Working data

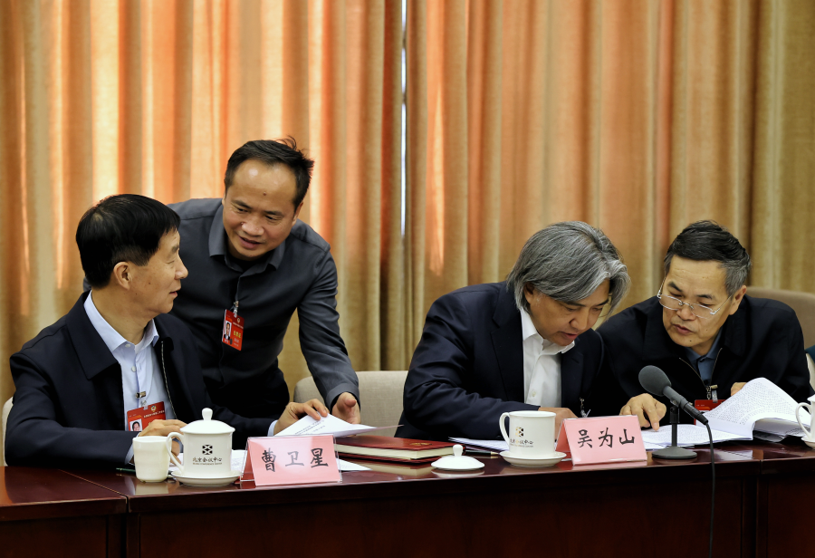 Members of the 14th National Committee of the Chinese People's Political Consultative Conference, Cao Weixing, Deng Changqiu, Wu Weishan and Qian Keming (left to right) talk with each other at a panel discussion on the Government Work Report on March 6, 2024. [Photo by Jiang Dong/chinadaily.com.cn]
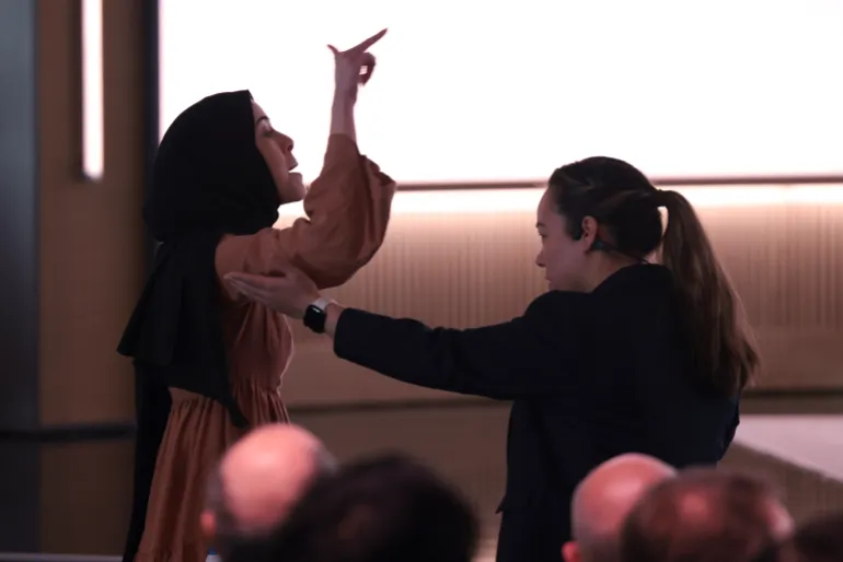 “I gjithë Microsofti ka gjak në duart e tij” 06/04/2025 A pro-Palestinian demonstrator Ibtihal Aboussad is escorted away by security Share this: Click to share on Facebook (Opens in new window) Facebook Click to share on X (Opens in new window) X
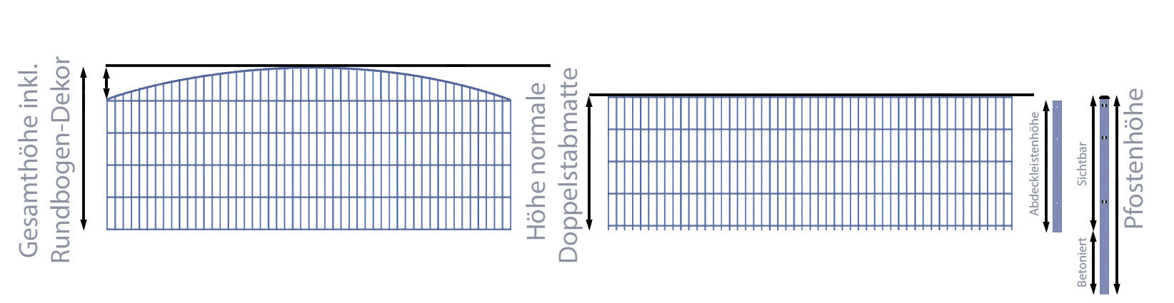 Alle Zaunpfosten vom Schmuckzaun / Doppelstabmattenzaun 2-in-1 Bogen groß Komplett-Set mit Abdeckleisten / Anthrazit / 121cm hoch / 17,5m lang werden immer mit einer Überlänge zum Einbetonieren geliefert. Die genaue Überlänge zum Einbetonieren der jeweiligen Pfosten können Sie der Beschreibung entnehmen.
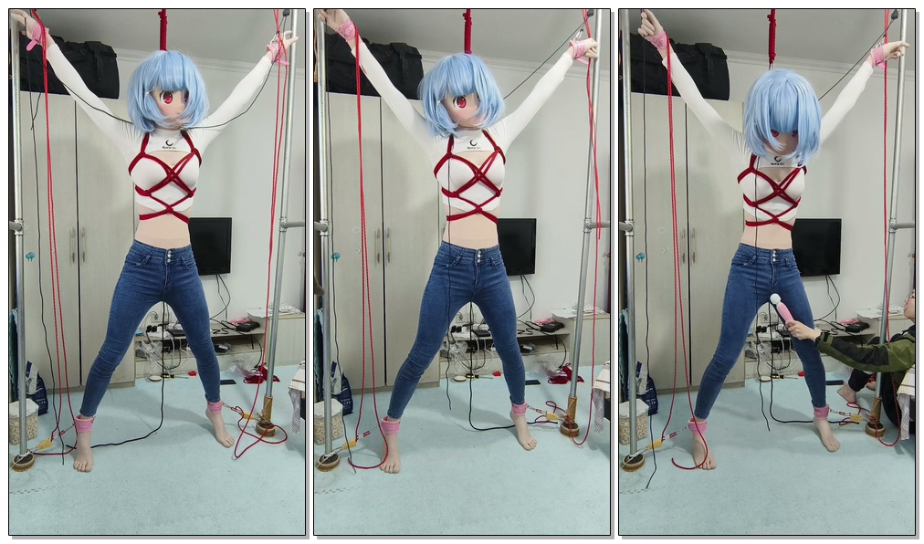 过分自信的天天只用一根绳子吊住胸口,就把四肢拉紧到最紧,固定在铁架子上,结果绑起来之后才发现根本解不开,敲打钢管召唤来室友结果却是遭遇了更羞耻的玩弄,没有保护的腋下被疯狂挠痒,想要躲却一点躲避的空间都没有,双臂被高高拉起,所有弱点都暴露出来了,最后被强高到工具人手都酸了才把我放下来,吊起来时候只能踮着脚,放下来之后直接跪在地上了qwq
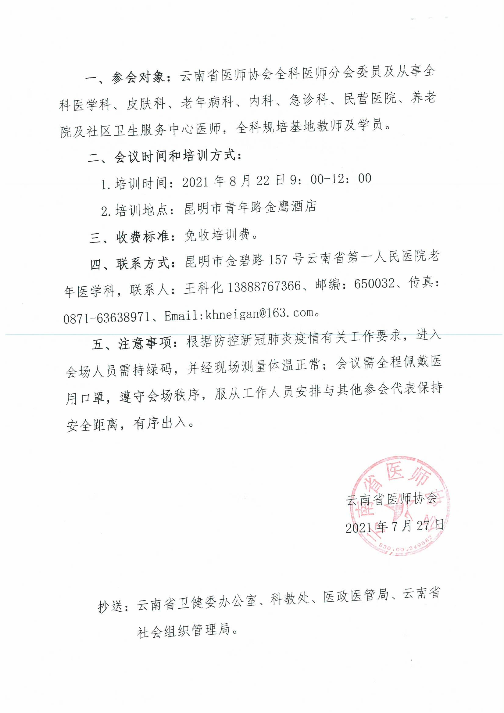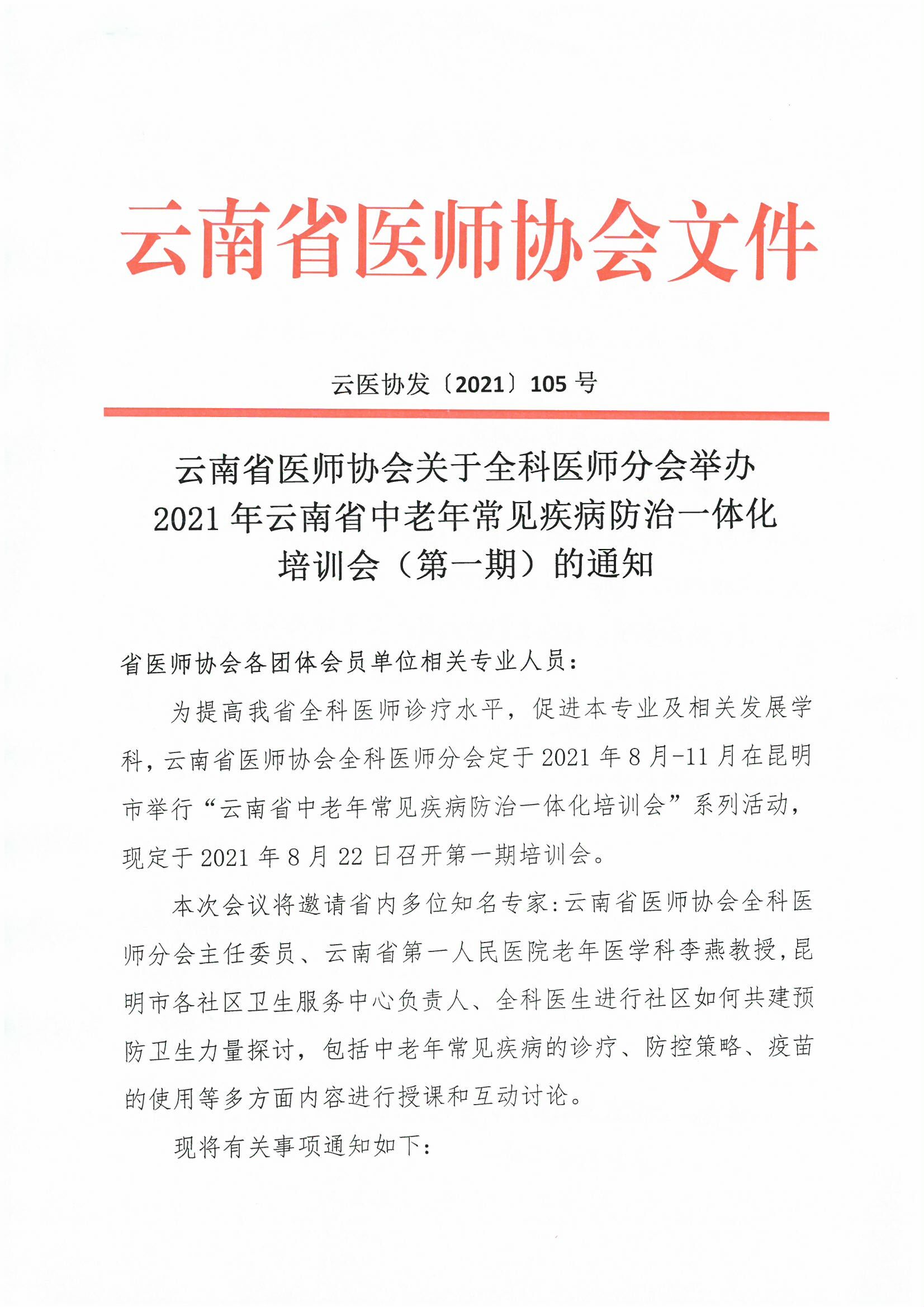 105号-云南省医师协会关于全科医师分会举办2021年云南省中老年常见疾病防治一体化培训会(第一期)的通知

Directions
Everything in the records above should come back word for word, except the pictures.

Answer to this task
 Members of the 14th National Committee of the Chinese People's Political Consultative Conference, Cao Weixing, Deng Changqiu, Wu Weishan and Qian Keming (left to right) talk with each other at a panel discussion on the Government Work Report on March 6, 2024. [Photo by Jiang Dong/chinadaily.com.cn]
 “I gjithë Microsofti ka gjak në duart e tij” 06/04/2025 A pro-Palestinian demonstrator Ibtihal Aboussad is escorted away by security Share this: Click to share on Facebook (Opens in new window) Facebook Click to share on X (Opens in new window) X
 Alle Zaunpfosten vom Schmuckzaun / Doppelstabmattenzaun 2-in-1 Bogen groß Komplett-Set mit Abdeckleisten / Anthrazit / 121cm hoch / 17,5m lang werden immer mit einer Überlänge zum Einbetonieren geliefert. Die genaue Überlänge zum Einbetonieren der jeweiligen Pfosten können Sie der Beschreibung entnehmen.
 过分自信的天天只用一根绳子吊住胸口,就把四肢拉紧到最紧,固定在铁架子上,结果绑起来之后才发现根本解不开,敲打钢管召唤来室友结果却是遭遇了更羞耻的玩弄,没有保护的腋下被疯狂挠痒,想要躲却一点躲避的空间都没有,双臂被高高拉起,所有弱点都暴露出来了,最后被强高到工具人手都酸了才把我放下来,吊起来时候只能踮着脚,放下来之后直接跪在地上了qwq
 105号-云南省医师协会关于全科医师分会举办2021年云南省中老年常见疾病防治一体化培训会(第一期)的通知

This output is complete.